Исполняя поручения своего бывшего постояльца, бывший директор гостиницы, а ныне привилегированный пациент психушки, был необычайно расторопен, ко всемзаданиям подходил творчески. Скажет, бывало, новый начальник грядки вскопать, он не только вскопает, но и польёт. Скажут ему прополоть кусты роз, он не только прополет, но ещё и нарвёт, то бишь срежет, сделает букет-другой, поставит в вазы, и не только в их с начальником в палате, но и в комнатах обслуги.

Вся обслуга, от именитых докторов до санитаров, сначала потешалась. Потом начали искренне и с восторгом дивиться чудесным качествам обоих постояльцев: вроде и не сумасшедшие они, если поговорить с ними.
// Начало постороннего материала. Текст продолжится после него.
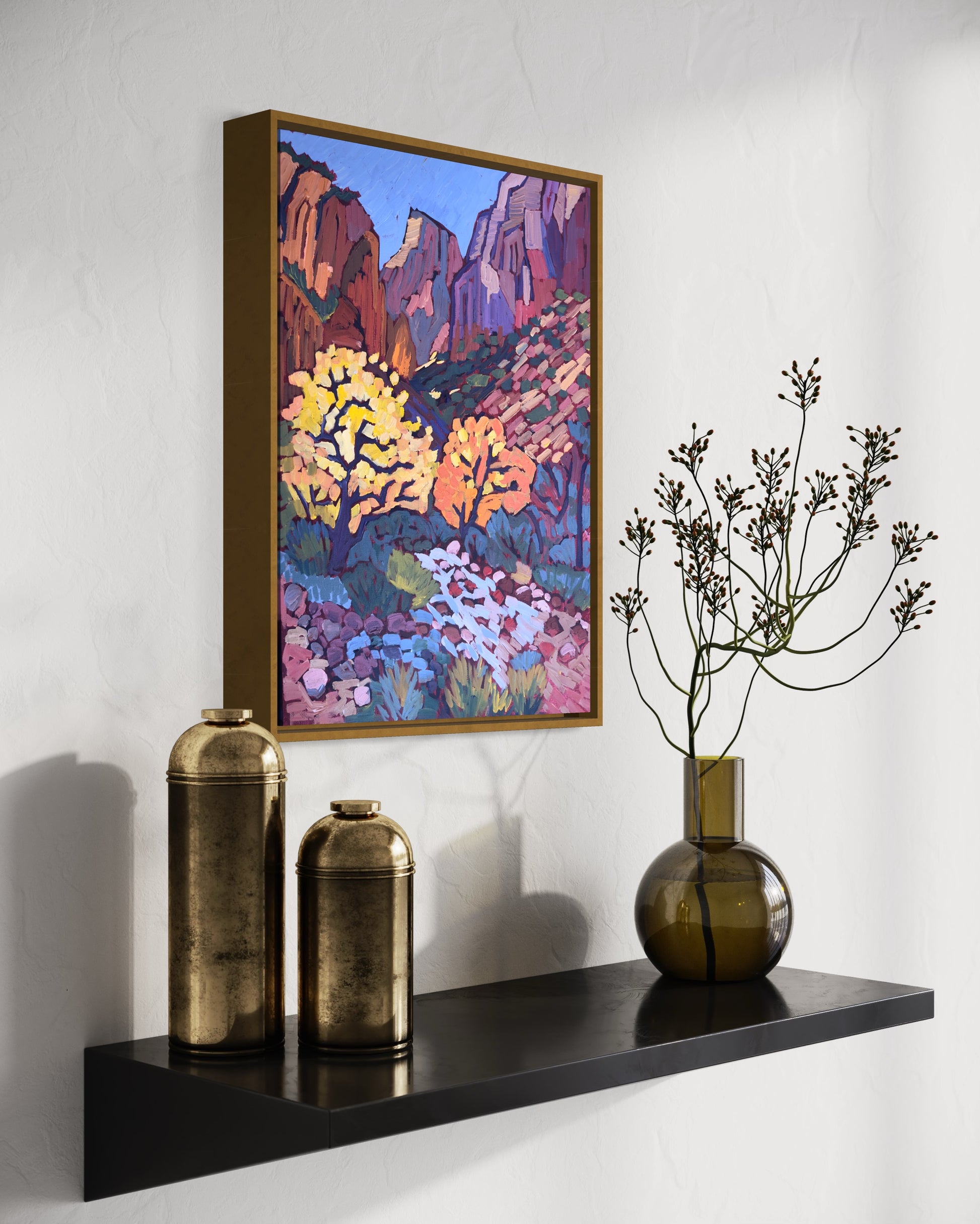 The 2-inch gallery canvas depth adds a remarkable dimension to the artwork, allowing you to immerse yourself in the park's splendor. Whether displayed as a focal point or as part of a collection, this painting beckons you to revel in the timeless magnificence of Zion National Park, a testament to nature's artistry at its finest.
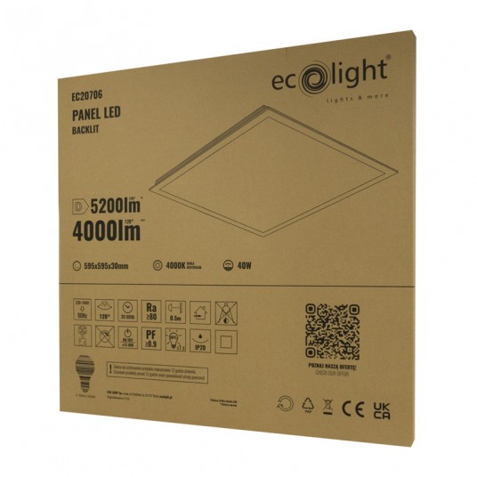 Panel LED Backlit 595x595x30 40W 4000lm 4000K to nowoczesne rozwiązanie oświetleniowe zaprojektowane do zastosowania w przestrzeniach biurowych, edukacyjnych i komercyjnych. Dzięki swoim wymiarom 595 x 595 x 30 mm idealnie pasuje do standardowych sufitów podwieszanych, a biały kolor ramki nadaje mu elegancki wygląd.
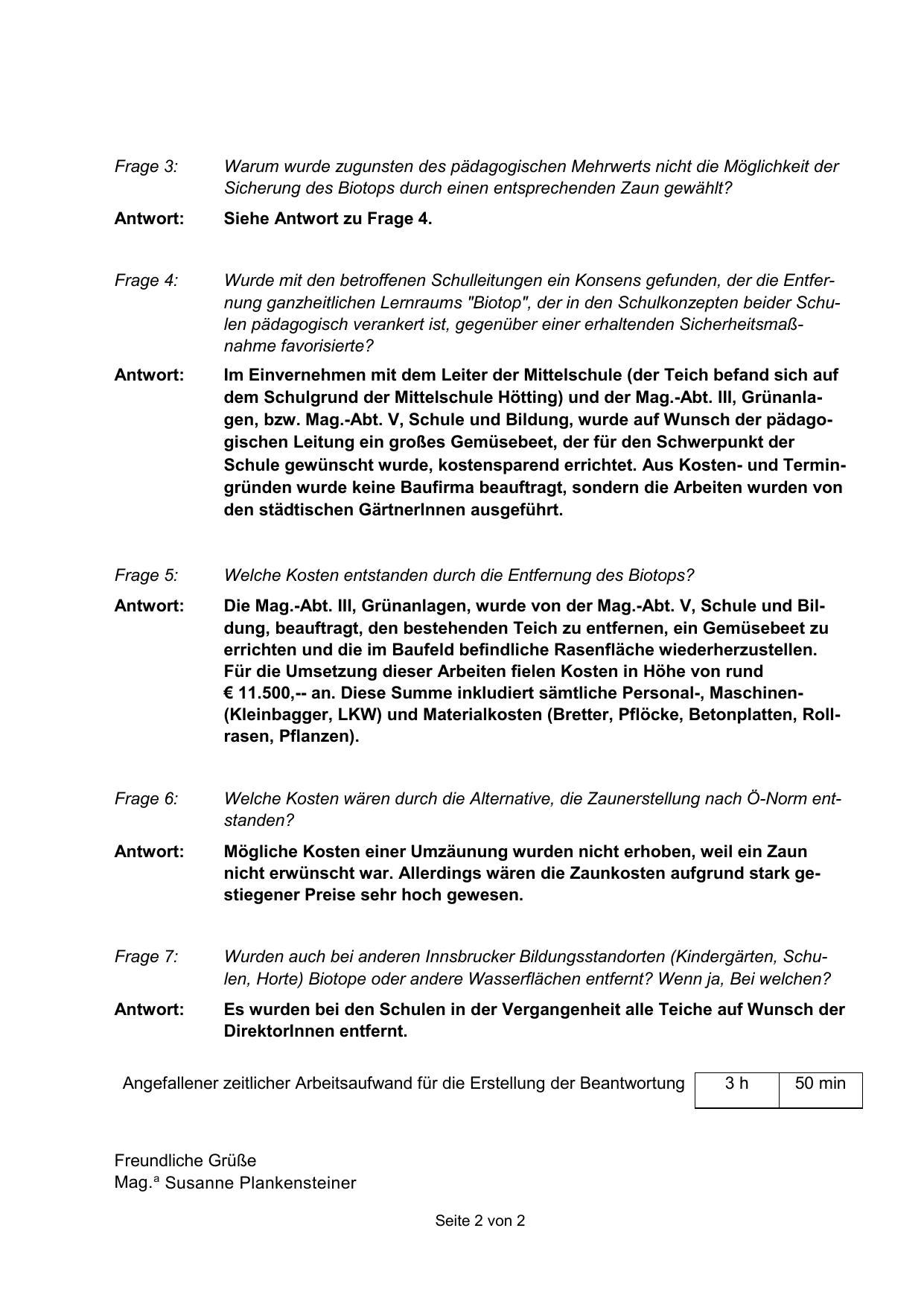 Wurden auch bei anderen Innsbrucker Bildungsstandorten (Kindergärten, Schulen, Horte) Biotope oder andere Wasserflächen entfernt? Wenn ja, Bei welchen?
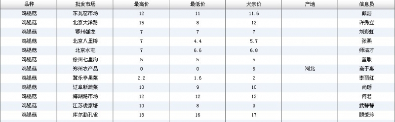2012.03.30 鸡腿菇全国批发市场价格行情 来源:中国农业信息网
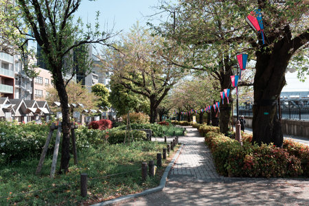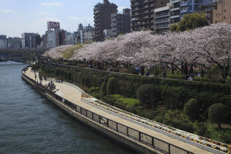 TOKYO, JAPAN - APRIL 9, 2023: People enjoy walking at Sumida reiver walk

Барский, тот вообще вдруг по-японски заговорил. И нескольких японских купчиков ухитрился по городу поводить, по местным лавкам!

Но не это более всего поражало в парочке, ведь при Николае Первом иногда сажали в психушки совершенно здоровых людей, многие из которых были просто гениями. А не сумасшедшими. В странной двоице всех умиляло другое: шли годы, а один из них внешне не менялся, не старел то бишь.

Потом старый «подмастерье» умер, а его негласный начальник ещё долго-долго оставался жив-живёхонек, и на вид было ему по-прежнему чуть больше двадцати.

Доктора замучились созывать консилиумы и, в конце концов, махнули рукой.

А там и новая особенность у странного пациента добавилась: к нему стали приезжать знатные особы, а также деятели культуры, вплоть до известных поэтов-писателей, вплоть до композиторов. И входили все они через дверь, а не… Впрочем, о зазеркальных посетителях по-прежнему никто из персонала не догадывался.

Однажды сама гадалка Кирхгоф пришла, любимица Пушкина. Она и раньше в лечебницу наведывалась, по обыкновению громко разговаривала, санитары как-то даже пару слов успели разобрать: «дуэль» и «белая голова».

Известно, что от белой кудрявой головы у Пушкина были неприятности — именно так выглядел его противник Дантес. Но и Пётр Сергеевич выглядел так же. Уж не он ли посодействовал дуэли? Тогда в смерти Пушкина задействованы целых две белых головы!

Интересно, кого ещё собиралась принести в жертву городу вещунья?

Шарлотта Фёдоровна Кирхгоф, немка, вдова пастора и известная гадалка, даже на ночь оставалась. А утром… Поди ж ты! Никто её не обнаруживал. Знамо дело, через шкаф смывалась…

А через пару дней, тоже на дуэлях, погибали ещё несколько особ, менее известных, чем Пушкин, но кое-кому, всё-таки, знакомых. Петру Сергеевичу, например. Тот всегда знал, кто, когда и с помощью какой кончины принесёт городу свою последнюю дань… То была дань, несомненно, в форме могучей писательской энергии — врождённого ума.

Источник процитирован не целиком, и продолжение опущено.